Now, that doesn't mean doing it by themselves. The way you construct the program gives them the support from other people in the business, from advisors such as ourselves to build that fact base that helps them make those decisions. But they have to really understand the cost base to another level of detail. That's why we mentioned earlier, co-creating with the SMEs and people lower down in the business is a critical step to getting that robust plan that you can then execute on. The other practical aspects of governance are: focus more on defining the roles and the responsibilities, particularly for leadership, but also other critical roles, stage agents within the business, and think about how you use governance process and structure to drive transparency and accountability, but also agility. So don't make it too cumbersome. Make sure where you have meetings that they're adding value, not just focused on process.
Tom Marshall:
And it's worth highlighting the importance of creating the right governance to ensure implementation. Many cost reduction leavers can quickly be implemented as they don't require CapEx, but just a decision and some monitoring. In which case, businesses need to be prepared to move rapidly with these decisions, but progress must be carefully tracked and reported to ensure everyone is being held to account. Additionally, Exco members who signed off on their savings goals must integrate the execution roadmap into their day-to-day management. These cost saving programs need to become part of business as usual, as quickly as possible.
Katya Zubareva:
And with that in mind, would it be fair to say that our work shows that clear strategy and careful implementation can make a big difference to companies under pressure from inflation, but almost beyond just recovering the inflation?
Tom Marshall:
In the end, if we address key concerns, companies can really achieve additional benefits beyond pure cost reduction. Consider, for example, how these projects actively promote visible change within the organisation, particularly in areas that are often overlooked in comparison to direct costs.
Jean-Philippe Grosmaitre:
Yes, that's true, Tom. For example, some of our clients have reinvested some of the savings to fund automation projects, bringing up additional resources to focus on more value-adding work. So if done correctly, this sort of programs more than pay for themselves within 12 to 18 months. And a more substantial projects with larger CapEx, for example, may take longer, but it'll still have significant return on investment.
Katya Zubareva:
Brilliant. Okay, so overall, we can say that the present context provides a great opportunity to undertake projects of this nature, particularly since they serve as a powerful means to demonstrate the ability of a company to achieve cost competitiveness without impacting business essentials.
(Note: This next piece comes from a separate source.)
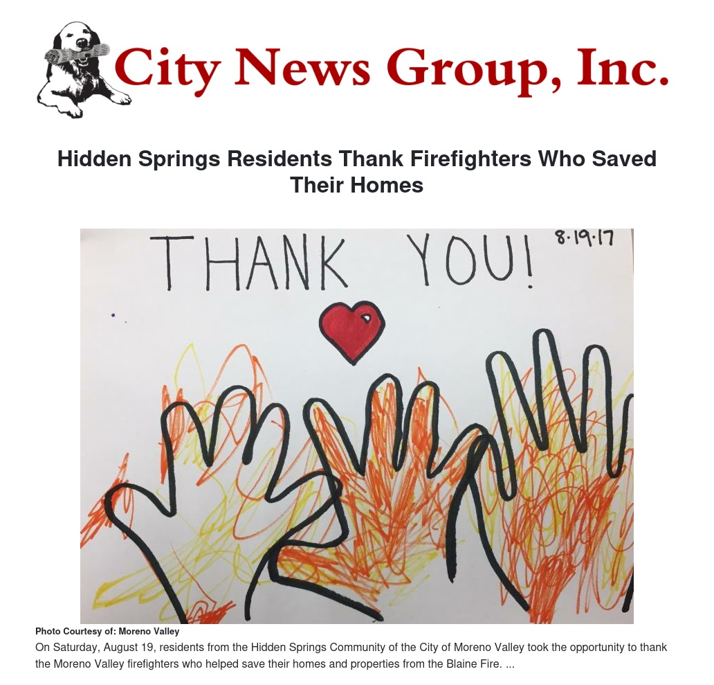 On Saturday, August 19, residents from the Hidden Springs Community of the City of Moreno Valley took the opportunity to thank the Moreno Valley firefighters who helped save their homes and properties from the Blaine Fire.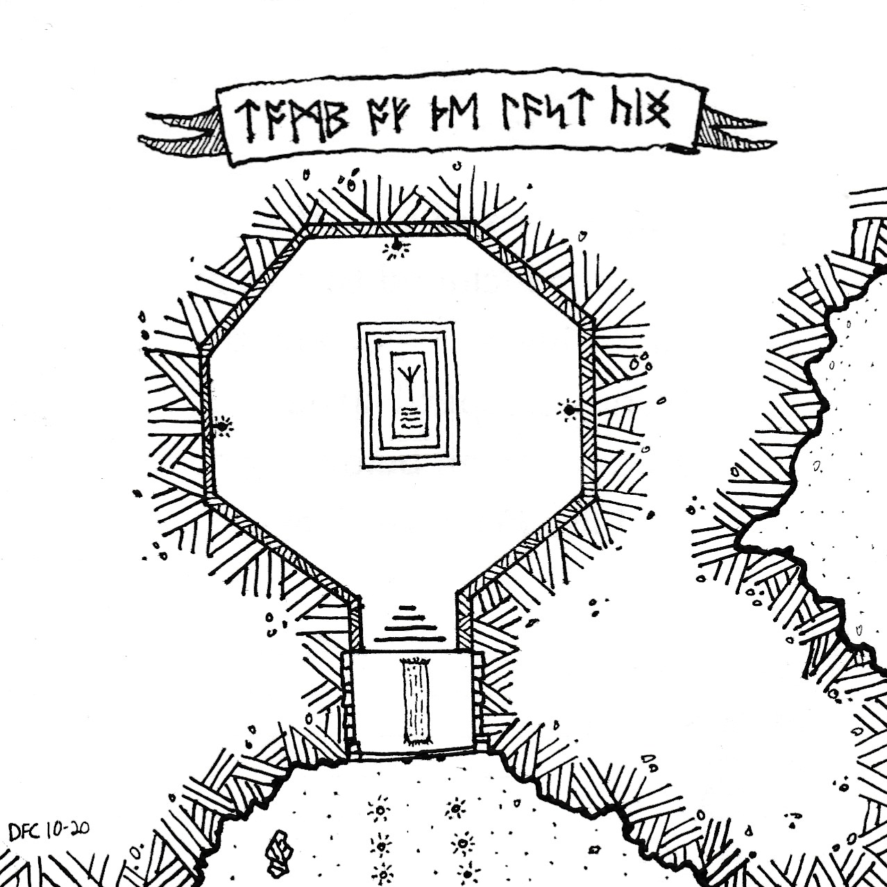 The Tomb itself is cut into the rock of a secluded cave system, with many winding twists and tight passages. The cavern side of the tomb is an open cavern, with six simple torches set to create a path to the large twin black walnut doors. Heavy chains criss-cross the entrance, with a single large lock.

Thank you to the three of you for this very insightful conversation, and thank you to all of those listening. If any of you would like to discuss the issues and insights in this podcast in more detail or tell us about your challenges or learn how L.E.K. consulting can work with you as your strategic partner in achieving cost competitiveness, please do get in touch. Many thanks for listening.
Host:
Thank you, our listeners, for joining us today at the Insight Exchange presented by L.E.K. Consulting. Links to resources mentioned in this podcast can be found in the show notes. Please subscribe or follow for future episodes wherever you listen to your podcasts. Also, we encourage you to submit your suggestions for future insights online at lek.com.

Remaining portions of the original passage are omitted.